Press "Enter" to skip to content

Day: March 11, 2021

Batch Execution Mode in Flink’s DataStream API

Dawid Wysakowicz takes us through batch execution mode in a streaming solution:

Flink has been following the mantra that Batch is a Special Case of Streaming since the very early days. As the project evolved to address specific uses cases, different core APIs ended up being implemented for batch (DataSet API) and streaming execution (DataStream API), but the higher-level Table API/SQL was subsequently designed following this mantra of unification. With Flink 1.12, the community worked on bringing a similarly unified behaviour to the DataStream API, and took the first steps towards enabling efficient batch execution in the DataStream API.

Read on to see the progress they’ve achieved so far.

Comments closed

Two Disliked Data Types

Aaron Bertrand has two bones to pick:

I am not often one to do the bare minimum, unless it comes to looking for things around the house. After about 22 seconds I throw my hands in the air and exclaim, “I can’t find it!” As my wife so kindly added: It usually turns out to be in a spot I already looked.

But when it revolves around SQL Server and opinions, I’m all over it. So I’m not going to talk about a data type today; I’m going to talk about two of them. One of them Brent already mentioned in his invite:

I kinda-sorta disagree with Aaron’s second choice. By that I mean that I fully agree with his premise: use UTC everywhere. But if you don’t use UTC everywhere, then use DATETIMEOFFSET everywhere and apply the time zones.

Comments closed

The Problems with VARCHAR(MAX)

Deepthi Goguri has a complaint about VARCHAR(MAX):

Though VARCHAR(MAX) is suitable in situations with large strings of data, it has its own complications that we need to consider. In my career as a DBA, I at least saw couple of times SQL developers using VARCHAR(MAX) when they should not. Fixing the datatypes once in production is painful and causes risks.

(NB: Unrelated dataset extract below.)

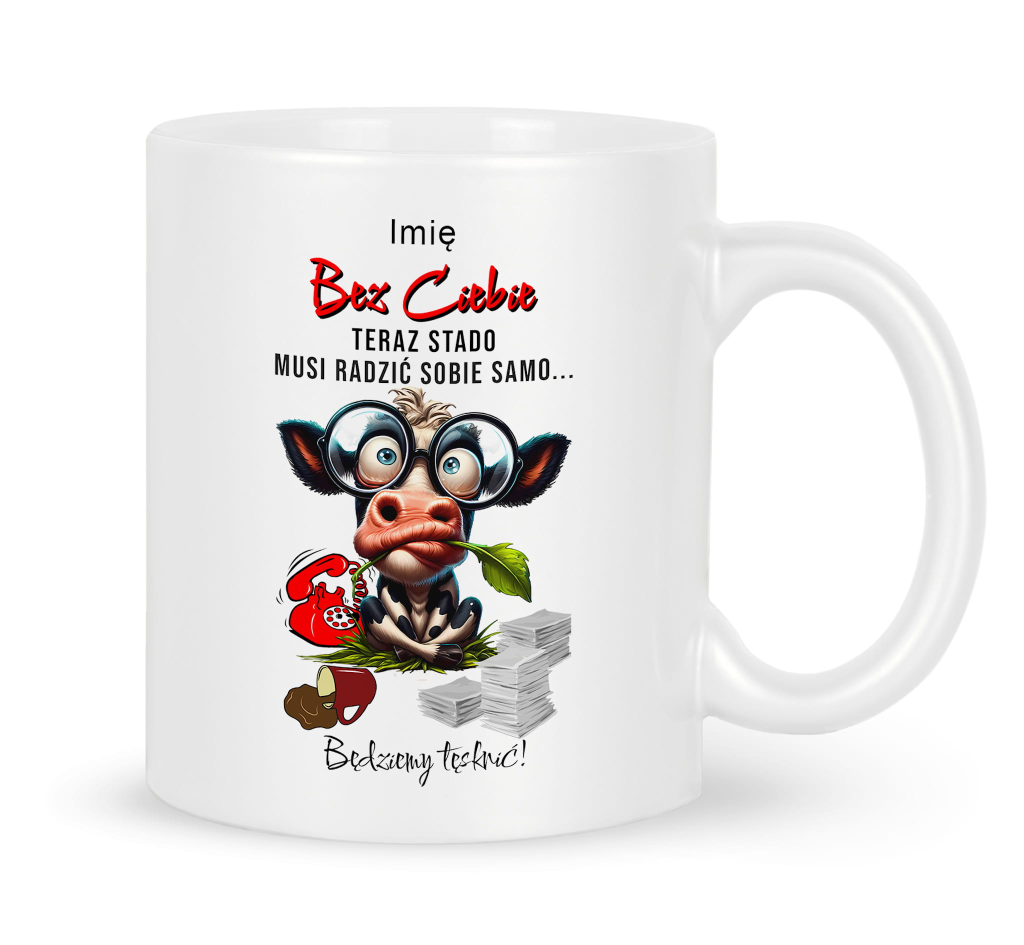 Kubek z nadrukiem grafiki i tekstu "Bez Ciebie teraz stado musi radzić sobie samo".

I think Deepthi’s advice is sound: use VARCHAR(MAX) when necessary but not as a starting point. I don’t shy away from VARCHAR(MAX) on principle (except with columnstore indexes—get that noise right out of here) and I don’t think you should either, as long as you understand the ramifications.

Comments closed

Date and Time Data Types

Deborah Melkin takes a look at the different date and time data types:

But I think I’ll “wax poetic” about datetimes and all of the varieties. When I first got started with SQL Server back in the SQL 6.5 days, we really just had datetime, which was the date and time. If you needed just the time, you ignored the date portion. If you needed just the date, you put midnight (00:00:00.000) for the time. And when you dealt with the time portion, you deal with rounding to the .003 millisecond.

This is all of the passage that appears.